The mayor said he proposed such legislation last year but council didn't act on it.
By DENISE DICK
VINDICATOR TRUMBULL STAFF
WARREN -- A Brighton Street man is joining a chorus of residents who want a tighter leash on the city's ordinance addressing vicious dogs.
Joe Peterson told council Wednesday one of his neighbors owns three Rottweilers that have attacked him, his wife and other neighbors. The post office stopped mail delivery last year because of the animals.
"We need to change the law on that," he said.
Earlier this week, the city's animal control officer, John Onatz, pulled a boy from a pit bull's jaws on Delaware Avenue Southwest. Police officers shot and killed the dog.
The attacks have prompted council members and the administration to resume discussions of strengthening the city's dog ordinance.
Mayor Hank Angelo said he proposed legislation in July to strengthen the ordinance, listing the breeds that qualify as vicious.
"Of the 12 incidents we've had with dogs, nine of them were with pit bulls," he said.
Insurance coverage: The ordinance also would have required owners of vicious dogs to increase their insurance coverage.
Council didn't act on the ordinance, Angelo said.
Law Director Greg Hicks obtained approval this week from the municipal court judges to enable Onatz to issue summonses to people Onatz witnesses violating the city's dog ordinances.
A summons directs the violator to appear in court. An arrest warrant may be issued for those who fail to appear.
Under the ordinance, a vicious dog, defined as one with a known propensity, tendency or disposition to attack unprovoked, must be confined.
"We are not taking lightly the seriousness of this," Hicks said.
Alford L. Novak, D-2nd, said he requested that Hicks seek the additional authority for Onatz.

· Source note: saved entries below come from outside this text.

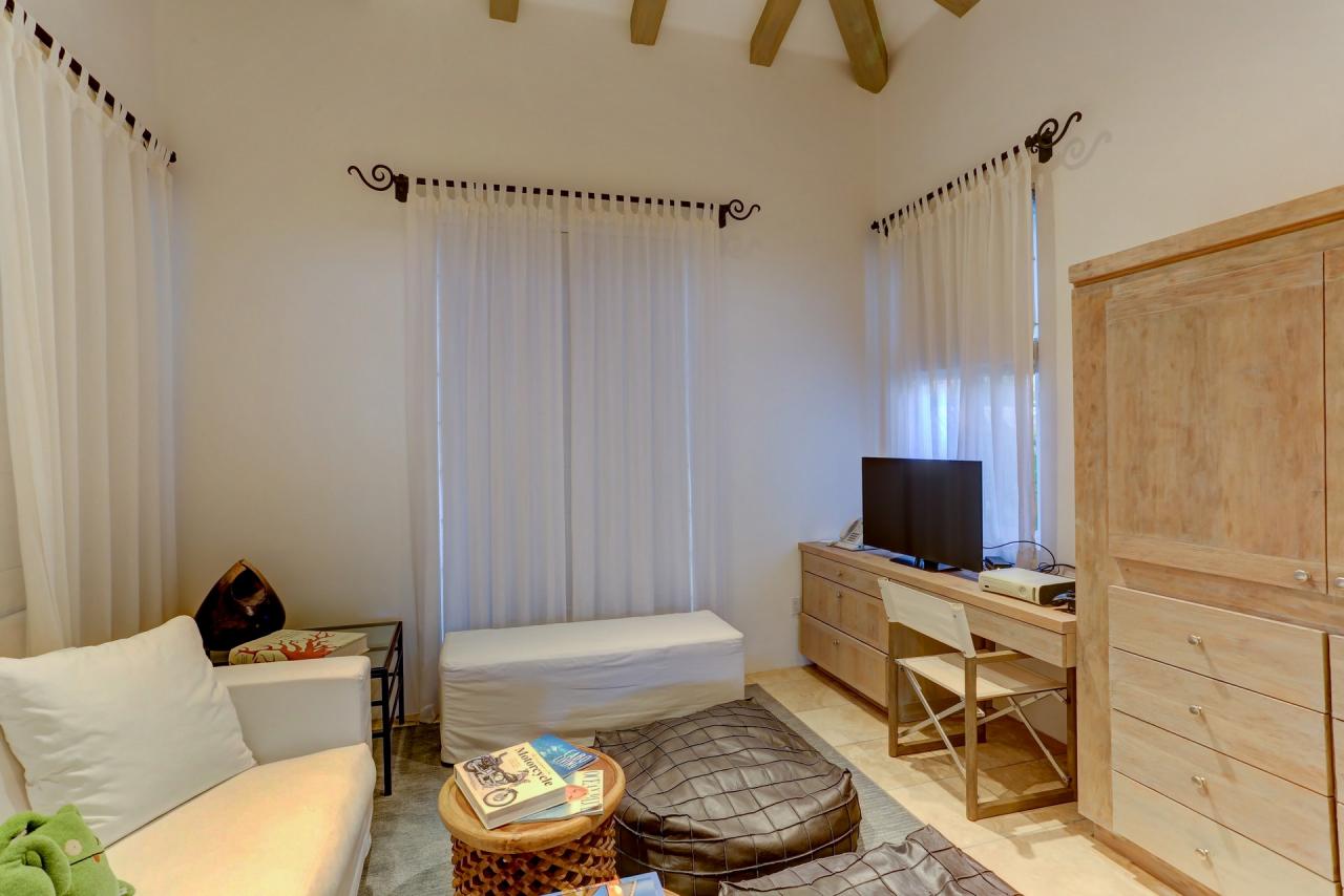 Offering the utmost in opulence, privacy and serenity, Villa 322 can accommodate up to 12 guests, delighting them with two heated pools, a spa and two ocean view master suites with sumptuous baths. The suites, as well as three other well-appointed bedrooms, are equipped with televisions and direct terrace or balcony access. Guests are welcome to use the in-home fitness center or leave the luxury of the villa for the diverse conditioning classes and spa treatments found at the 10,000-square-foot Club Espiritu. On lazy weekends guests, may prefer lounging on the sun-drenched pool terrace or step out onto the gleaming white sands for a romantic sunset stroll.
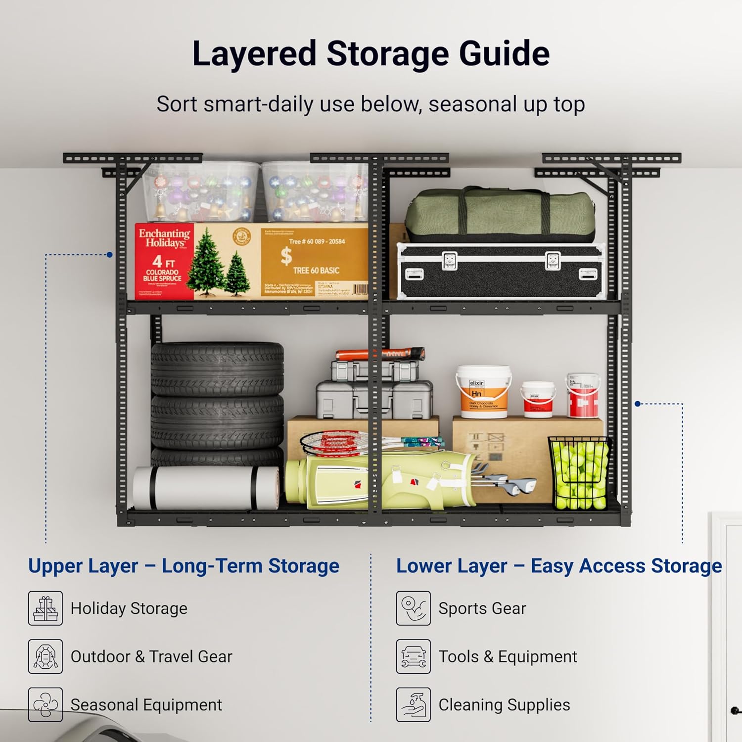 - Maximize Vertical Storage for Tall Garages – The FLEXIMOUNTS 3x8 2-Tier Overhead Garage Storage Rack creates twice the capacity of standard racks, turning unused ceiling space into a clutter free, organized area. Perfect for garage organization in 10–15 ft tall garages. For optimal clearance when parking or walking underneath, 2-tier racks are not recommended for garages under 10 ft.
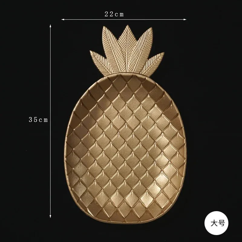 Bandeja Decorativa Nórdica em Formato de Frutas e Folhas - Adicione um toque encantador à sua decoração com esta elegante bandeja. Com design inspirado na natureza, esta peça é perfeita para servir ou decorar sua casa com estilo e sofisticação. Ideal para organizar pequenos objetos, servir petiscos ou adicionar um toque de charme à sua mesa. Seu formato delicado e detalhes de folhas douradas tornam-na uma adição encantadora a qualquer ambiente. Eleve sua decoração com esta bandeja funcional e cheia de elegância.
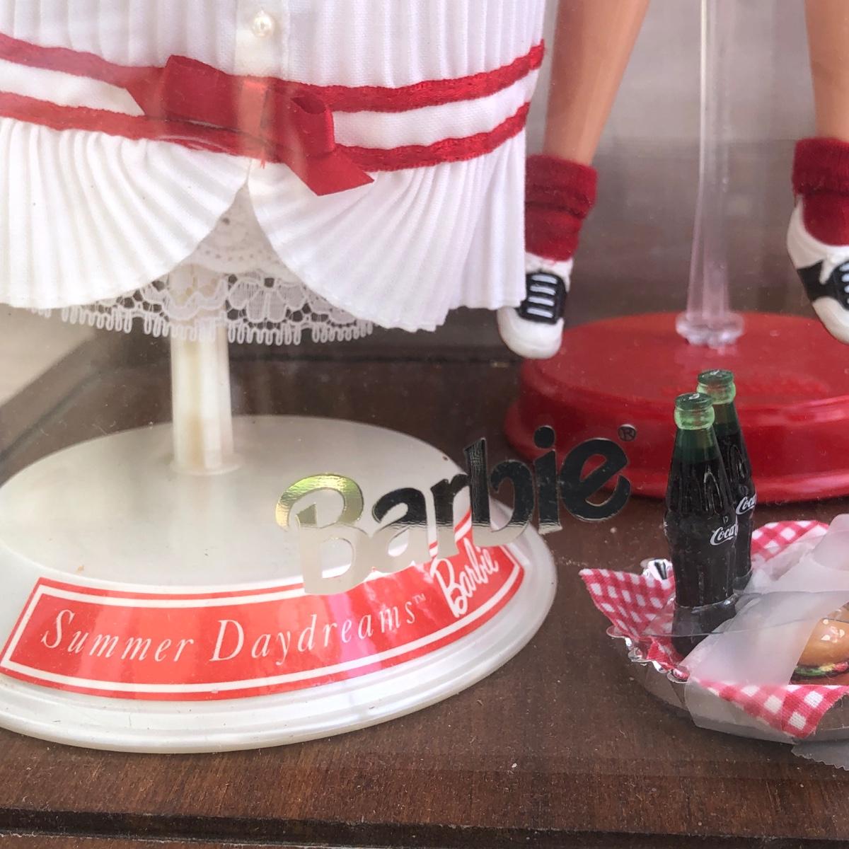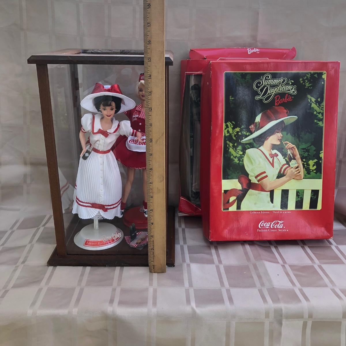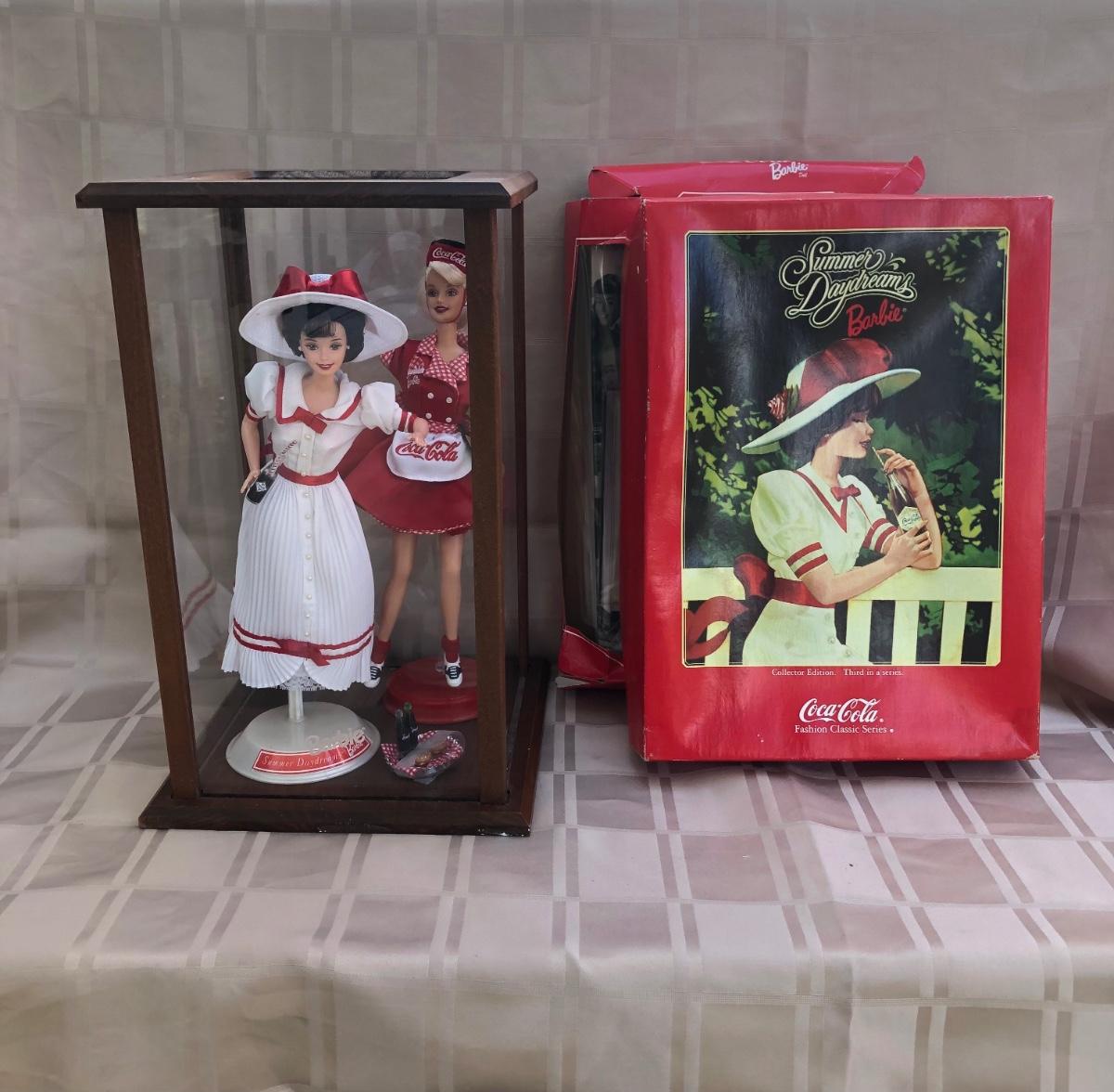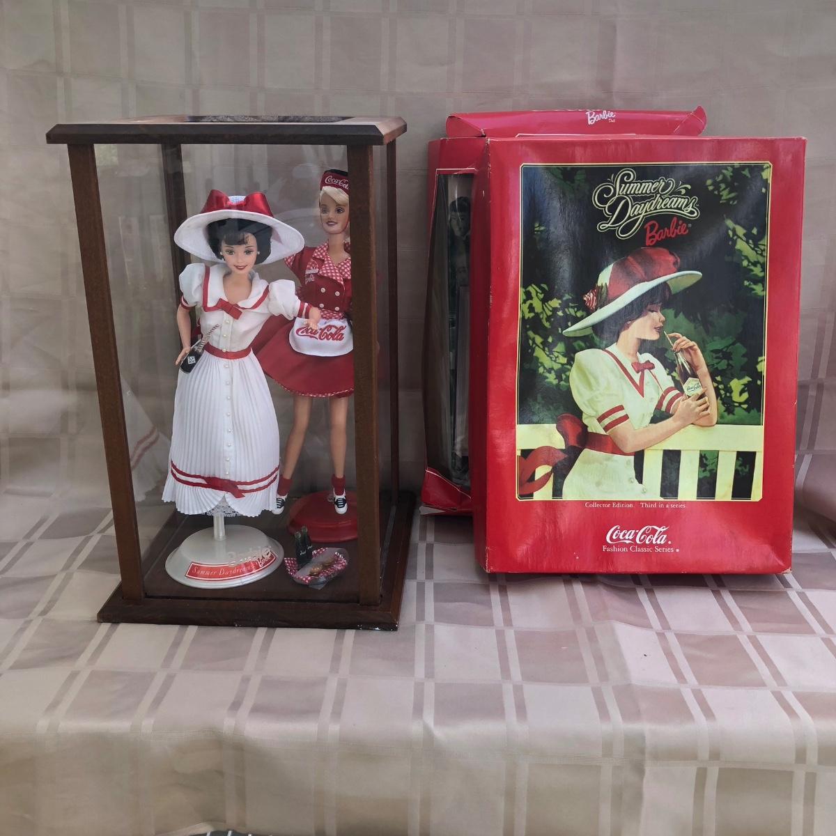 Includes two 11.5 inch dolls, "Barbie" branded display case, accessories, and boxes. Boxes are damaged, see photos. Summer Daydream Barbie has spots on her hat. Accessory tray for Coca-Cola Barbie was taped and does not fit into her ring slot.
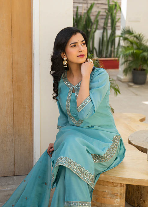 Blue Kurta And Pant With Dupatta Set For Women'S
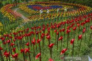 Foto udara suasana Taman Kincir Jabal Nur di Desa Sukasetia, Kecamatan Cisayong, Kabupaten Tasikmalaya, Jawa Barat, Selasa (9/3/2021). Wisata alam taman kincir warna-warni yang berada di kaki Gunung Talaga Bodas menyajikan 15.000 kincir angin untuk menjadi daya tarik wisatawan, dengan manyajikan wahana kolam renang, resto cafe, dan penginapan serta camping ground. ANTARA FOTO/Adeng Bustomi/aww.

Enforcement issue: Susan E. Hartman, D-7th, pointed out that it doesn't matter how strong the law is if there isn't sufficient personnel to enforce it. She's asked that money be included in the next appropriation to hire a part-time person to assist the animal control officer.
Council passed a resolution endorsing the Trumbull LifeLines 1-mill levy on the May 7 ballot.
Hartman cast the dissenting vote, saying she expected it to be on the agenda for first reading. She said she hadn't researched it sufficiently to recommend to her constituents that they support the levy.
LifeLines is the funding source for 23 agencies that provide substance abuse and mental health services to more than 29,000 county residents.
Voters rejected the levy in November, resulting in about $900,000 in cuts.